WHAT IS EXPECTED:
Repeat the listing below word for word, minus the pictures.

RECORDED INFORMATION:
------------------------------------------------------------

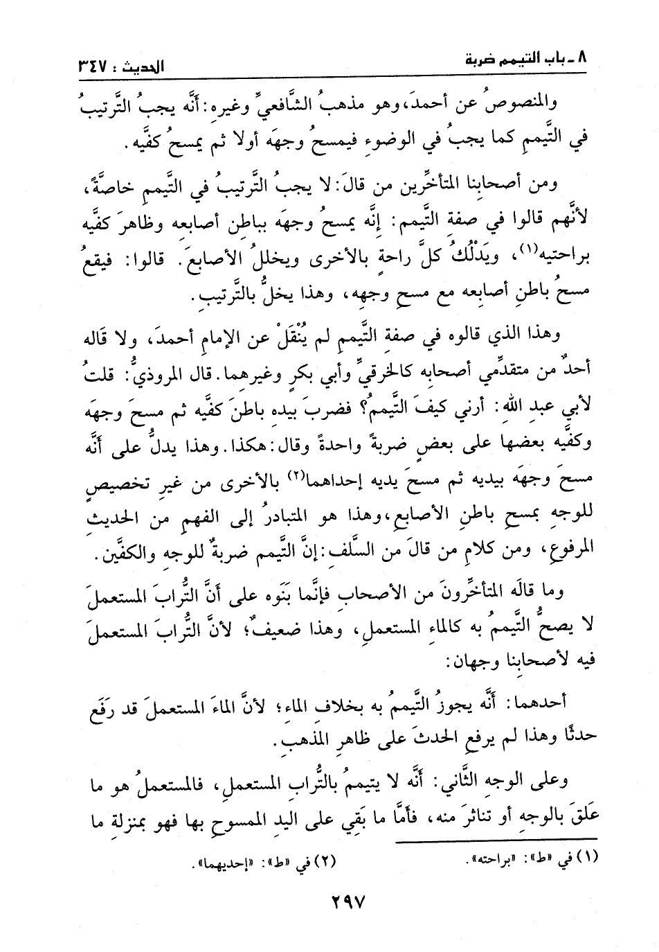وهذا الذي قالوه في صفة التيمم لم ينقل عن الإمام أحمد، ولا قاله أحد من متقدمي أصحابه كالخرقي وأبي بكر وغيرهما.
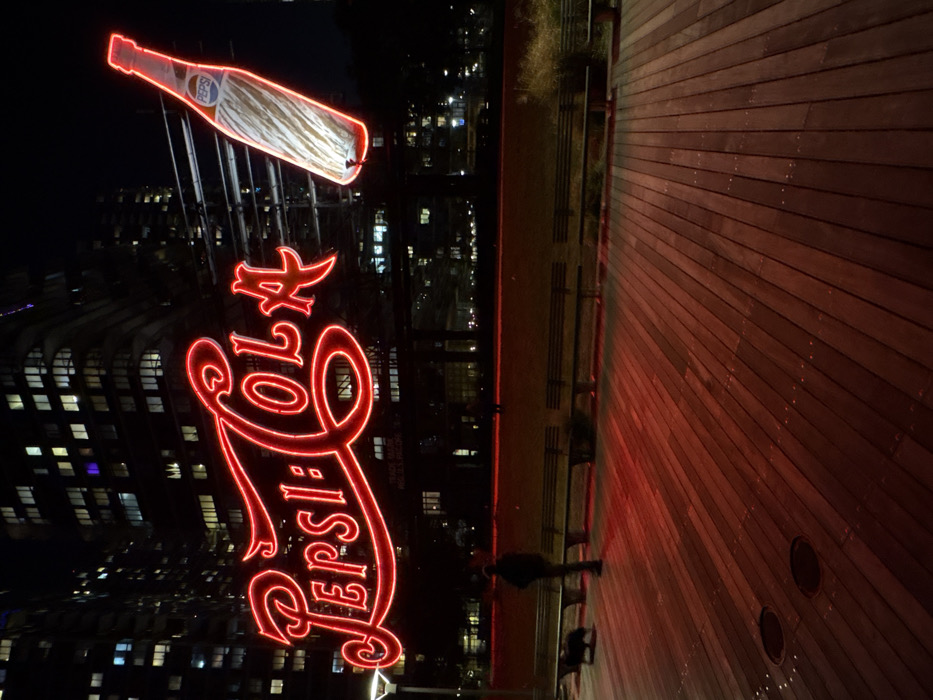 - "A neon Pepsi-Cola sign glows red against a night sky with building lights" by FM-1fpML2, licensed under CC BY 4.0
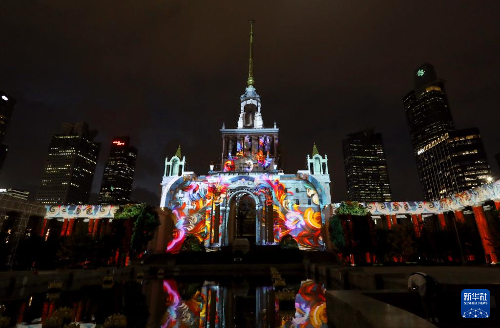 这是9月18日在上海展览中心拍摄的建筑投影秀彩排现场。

------------------------------------------------------------

SOLUTION:
وهذا الذي قالوه في صفة التيمم لم ينقل عن الإمام أحمد، ولا قاله أحد من متقدمي أصحابه كالخرقي وأبي بكر وغيرهما.
 - "A neon Pepsi-Cola sign glows red against a night sky with building lights" by FM-1fpML2, licensed under CC BY 4.0
 这是9月18日在上海展览中心拍摄的建筑投影秀彩排现场。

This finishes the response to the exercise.